A std::reference_wrapperon the other hand is a C++ object able to hold a reference. As such, you can use it in standard containers.

std::reference_wrapper另一方面，A是一个能够保存引用的 C++ 对象。因此，您可以在标准容器中使用它。

std::refis a standard function that returns a std::reference_wrapperon its argument. In the same idea, std::crefreturns std::reference_wrapperto a const reference.

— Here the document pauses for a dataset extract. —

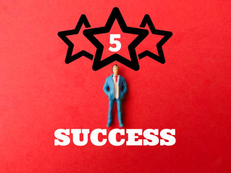Miniature people and icon with text SUCCESS on red background.

std::ref是一个标准函数，std::reference_wrapper它在其参数上返回 a 。同理，std::cref返回std::reference_wrapper一个常量引用。

One interesting property of a std::reference_wrapper, is that it has an operator T& () const noexcept;. That means that even if it is a true object, it can be automatically converted to the reference that it is holding. So:

a 的一个有趣属性std::reference_wrapper是它有一个operator T& () const noexcept;。这意味着即使它是一个真正的 object，它也可以自动转换为它所持有的引用。所以：

• as it is a copy assignable object, it can be used in containers or in other cases where references are not allowed
• thanks to its operator T& () const noexcept;, it can be used anywhere you could use a reference, because it will be automatically converted to it.

• 因为它是一个可复制赋值的对象，所以它可以用于容器或其他不允许引用的情况
• 由于它的operator T& () const noexcept;，它可以在任何可以使用引用的地方使用，因为它会自动转换为它。